Refinancing risk also rises. Firms that relied on flexible debt during the low-interest period now face greater refinancing challenges, especially those in sectors undergoing structural changes.
Companies in PE portfolios are already under pressure from the current wave of credit stress. Many were bought in 2019–2022 at high valuations and with high leverage—assumptions now being tested in a higher interest-rate environment.
Lucinda Guthrie, Mergermarket chief, notes that global PE-backed buyouts fell 14% year over year in Q1 due to geopolitical instability, concerns about private credit markets, and tighter AI-related scrutiny by investment committees.
A deeper concern for investors is that the current dynamics reveal structural weaknesses in the private market model.
“The core argument of private credit is high yields with low risk,” says Dan Rasmussen, founder of Verdad Advisers. “For the first time, investors are facing the possibility that private investments may not be better.”
“Private equity and private credit have lost their ‘glamour’,” he adds.
Large alternative asset managers—who run both private credit and PE—remain cautious, acknowledging tensions but stressing the market’s resilience. CEO of Ares, Michael Arougheti, is believed to have stated that “there are no signs of a systemic default cycle,” arguing that current pressures are cyclical rather than systemic, though some funds have restricted withdrawals to manage outflows.
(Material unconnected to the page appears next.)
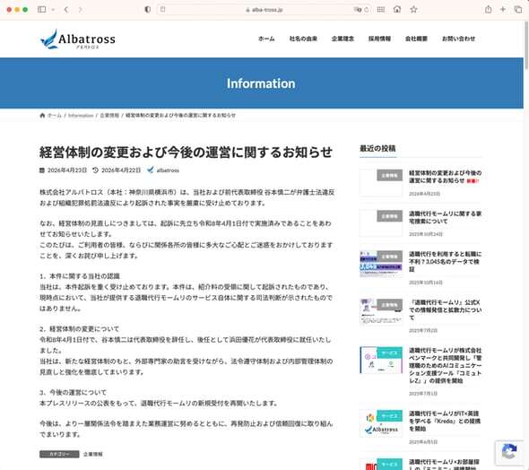 モームリを巡っては、2月3日に警視庁が創業者の谷本前代表らを弁護士法違反の疑いなどで逮捕。同月24日に東京地検が起訴していた。アルバトロスは営業時間を縮小し、新規の申し込み受付を停止していたが、3月末にモームリのWebサイトに浜田優花新代表の写真やあいさつが掲載され、一部で話題になっていた。

Jamie Dimon, CEO of JPMorgan, has also voiced cautious views on private credit risk, noting that the sector is not a systemic threat to the broader financial system, despite rising defaults, outflows, and AI-related sector pressures.
Speaking at an analyst briefing, Dimon also highlighted loose underwriting standards across credit markets, not just in private credit. “There has been some softening of underwriting standards, and it is not confined to private credit,” he said.
The bank had about $50 billion of exposure to private credit in Q1, within its broader nonbank lending portfolio, according to Reuters.